2.Bölüm

155 18 4
                                    

Harry

Kafa dinlemek için yine yasak ormanın yakınlarında bir ağaçın gövdesine yaslanmış oturuyordum. Okuldaki hayranlarımdan kaçmanın bir yoluydu. Neredeyse hiç kimse buraya gelmezdi.

Tabii sinirli bir şekilde buraya gelen sarışın istisnaydı. Bana doğru geliyordu. Yanıma yaklaştığında durdu ve sinirle konuşmaya başladı.

"Ne gördün?"

"Ne?"

"Yine kahramanlık yapıp beni kurtarırken ne gördüğünü soruyorum, Potter!"

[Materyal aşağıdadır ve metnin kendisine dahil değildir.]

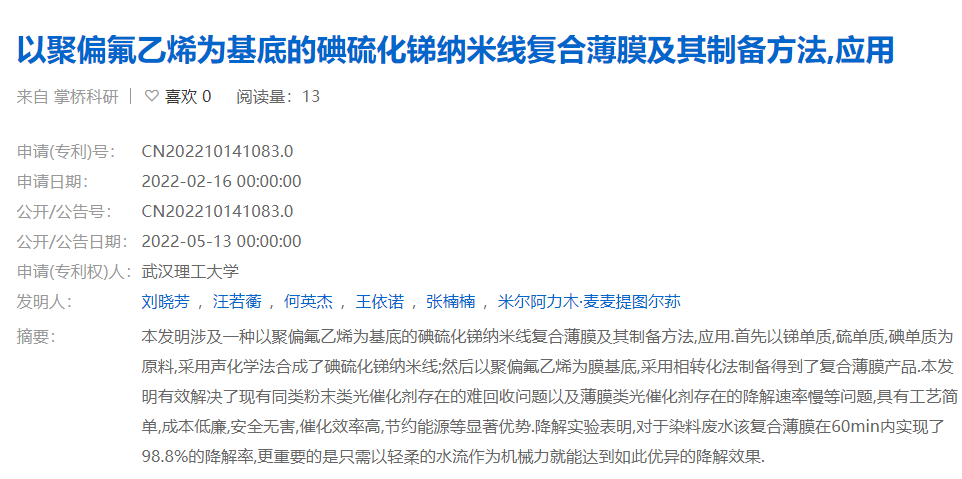 申请,以聚偏氟乙烯为基底的碘硫化锑纳米线复合薄膜及其制备方法、应用,202210141083.0

"Garip bir yaratıktı. Ne olduğu hakkında hiç bir fikrim yok. Ve ayrıca yine neye bulaştın sen?"

"Seni alakadar etmez. Burnunu sokmaman gereken birşey. Bu konuda birilerine bahsetmezsen iyi olur." Gitmek için arkasını döndüğünde kolundan tutarak durdurmuştum.

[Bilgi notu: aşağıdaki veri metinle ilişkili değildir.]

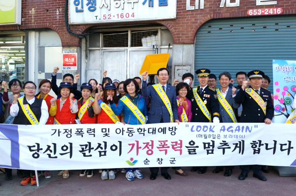 - 순창군 아동․여성안전지역연대에서는 8일 버스터미널 주면에서 가정폭력 및 아동학대 예방과 안전한 지역사회 환경 조성을 위한 캠페인을 실시했다. 캠페인에는 순창군과 경찰서, 교육지원청, 119안전센터, 다문화가족지원센터, 여성단체협의회, 사회복지협의회 등 관내 유관기관 단체 회원 30여명이 참여했다. -2015. 5. 8-

"Neye bulaştın, Draco?" Gözlerindeki bâriz afallamayı görmüştüm. İsmiyle seslenmem şaşırtmıştı. Anında kendini toparlayıp sırıtmaya başladı.

"Ne o yardım mı edeceksin?"

"Evet."

"Ama etmedin..." Ne? Anlamıştım...

"Ederdim, Draco. Bana gelseydin seni geri çevirmezdim." Bir süre bakıştıktan sonra kolunu çekip gitmişti. İçim titriyordu. Bana gelseydi yardım ederdim. Ama o ailesini seçmişti. O insanlara yardım etmek kendime ve aileme ihanet olurdu.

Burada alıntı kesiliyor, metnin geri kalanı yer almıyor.